In high school, I knew that I wanted to see as much of the world as possible. At every college that I toured, I asked questions about off-campus study programs and scoured school websites for pictures of students laughing overseas, with a backdrop of the Colosseum or the Pacific Ocean. Wherever I ended up, I knew that I wanted to live broadly, to spread my wings. Coming into Kenyon in the fall of 2014, I had already decided that I wanted to go abroad. My first week at Kenyon wasn’t even at Kenyon: I participated in the Outdoors Pre-Orientation program, hiking in West Virginia. College was all about testing my limits, I thought.
For better or for worse, I tested many of my limits during my first semester at Kenyon. I joined a lot of groups, went to parties and on field trips (hello, Cleveland Orchestra!), but something was still missing. I felt like I was at an extended summer camp, something that would end with a talent show and the exchange of home addresses. Kenyon was exhilarating, but it wasn’t home. Not yet.
For me, going to college was a chance to escape my high-school self. I didn’t want to be stuck in the band room for another four years, no matter how much I enjoyed it at the time. High school was full of ultimatums for me: band or chorus, AP Gov or AP Euro. I was either this kind of student or that kind of student, a slacker or a high-achiever. But at Kenyon, for the first time in my life, no one was telling me who to be. So, at first, I tried to be everything. Predictably, this burned me out. So I adapted. I learned that watching an episode of Breaking Bad in between writing papers didn’t mean I was a lazy student: it meant that I was giving myself a break. I turned back to parts of myself that I’d cast aside after coming to Kenyon. I started eating dessert again. I started breathing.
Testing my limits became a lot easier once I allowed myself to normalize Kenyon. So many people come to college expecting it to be a machine that swallows you up and spits out a higher-achieving version of yourself. No college can do that, but what a college can do is give you the tools to imagine what kind of future you want to build for yourself. In high school, I could get by saying that I wanted to be a writer in the future. Kenyon challenged me to think more specifically. So I did.
I began to have hard conversations with myself, and with my friends. What kind of person do I want to be? What do I want to do with my major, and with my career? I talked with people, all kinds of people, about big ideas and small ideas. These conversations took place in Peirce Dining Hall, on long walks across campus at one in the morning, in classrooms. Part of what makes Kenyon so special to me is the privilege of being taken seriously. I found that in class, people would listen to points that I made and respond to them, forcing me to think more deeply about the material at hand. In high school, I would spend class in my own head, thinking of a point, saying it, and then disappearing inside myself to think about another point. In college, I learned to listen. Learned to make points, yes, but also to respond to other points being made, other ideas being voiced.

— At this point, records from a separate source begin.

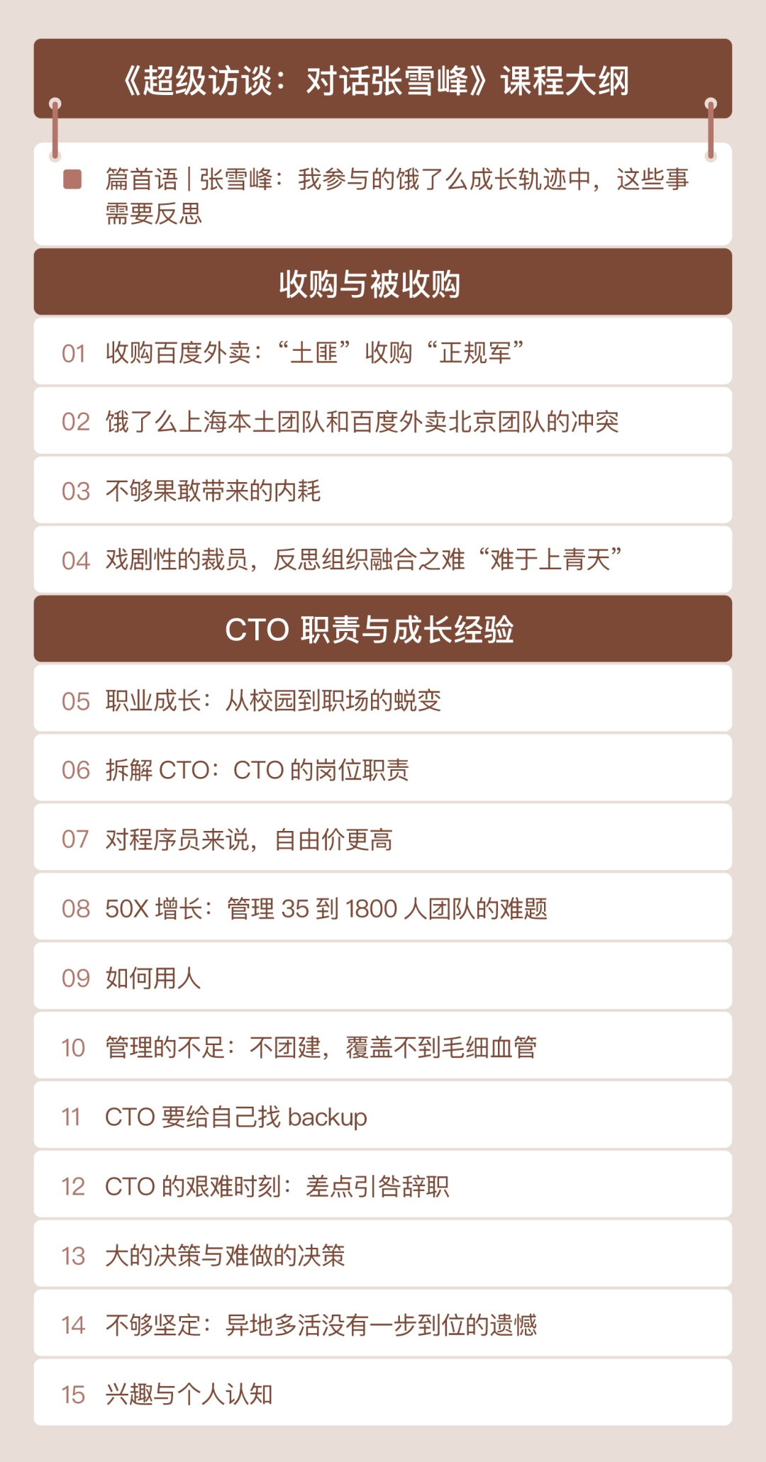 要知道近 1 年张雪峰已经处于“半归隐”状态(饿了么并入阿里 2 年后离职,也不再接受采访),这些一手的经验实在是难得可贵,所以第一时间,我就去极客时间上读了《超级访谈:对话张雪峰》专栏,只能说,大佬不愧是大佬。
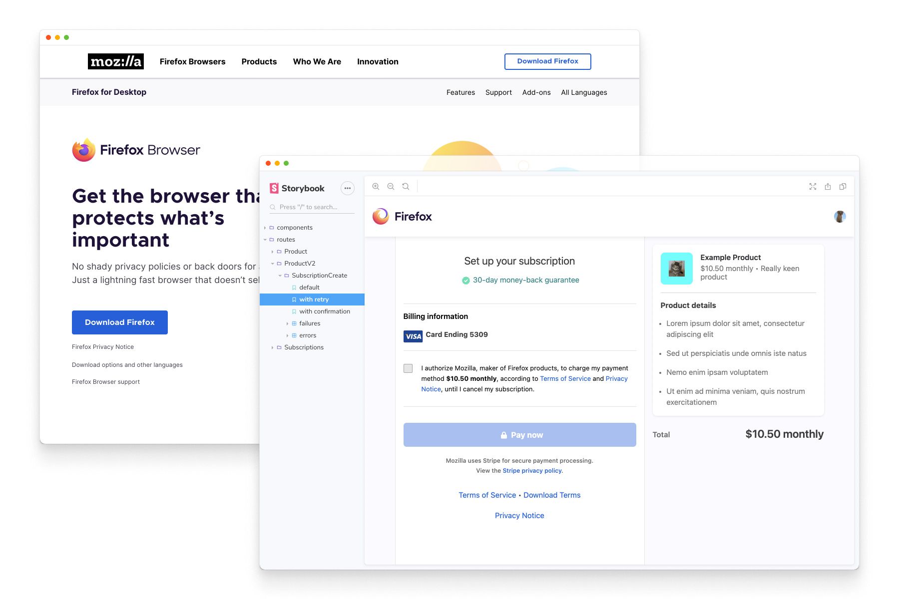 Firefox’s 198 million users makes it one of the most popular browsers of all time. Firefox’s payment UI is built in isolation with Storybook. That simplifies frontend development by disentangling the user interface from messy payment and billing logic.
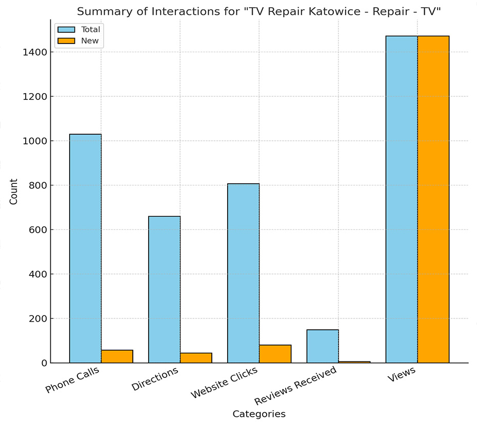 Oto podsumowanie konwersji i interakcji dla firmy „Naprawa telewizorów Katowice – Naprawa – TV” z tego miesiąca:
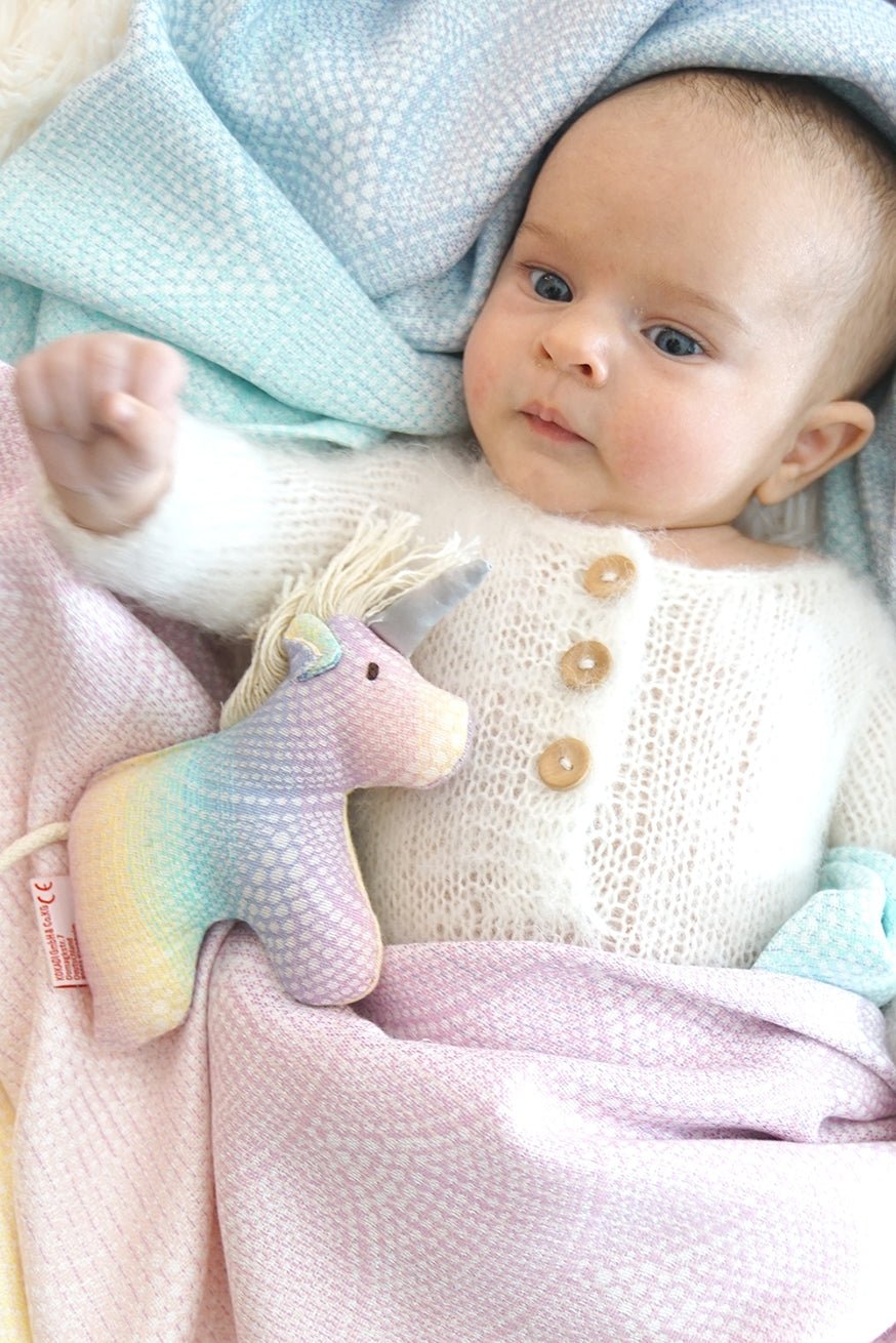 The unicorn is suitable for children from 0 months and a special gift for birth or as a small gift for the next baby visit.
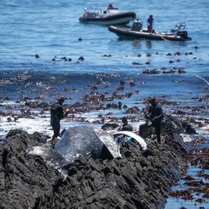 南非開(kāi)普敦:清理海邊鯨魚(yú)尸體

I’m currently nearing the end of my junior year. I didn’t go abroad, instead choosing to stay at Kenyon all year. It was a hard decision, a decision that I thought had already been made when I stepped onto campus two-and-a-half years ago. As an English major and music minor, there were too many classes that I wanted to take, and too many ensembles that I wanted to stay with year-round, and ultimately I decided not to go abroad. While it was a tough decision, and something I still think about, it is a testament to the classes and the people at Kenyon that I loved too much to leave, even just for a semester. Many of my friends went abroad and loved it, but I’m glad that I made the decision I did, that I had the hard conversation with myself instead of making an impulsive choice.
Kenyon did not turn me into a different person. I like to think that I would be a good, well-rounded individual no matter which college I chose. Rather, Kenyon has helped, and continues to help, me become the version of myself that I have always aspired to be. The classes I take, the conversations I have with friends and professors: these things shape who I am. If what you are is what you do every day, I’m pretty lucky to get to spend most days at Kenyon, reading and talking and continuing to ask myself hard questions.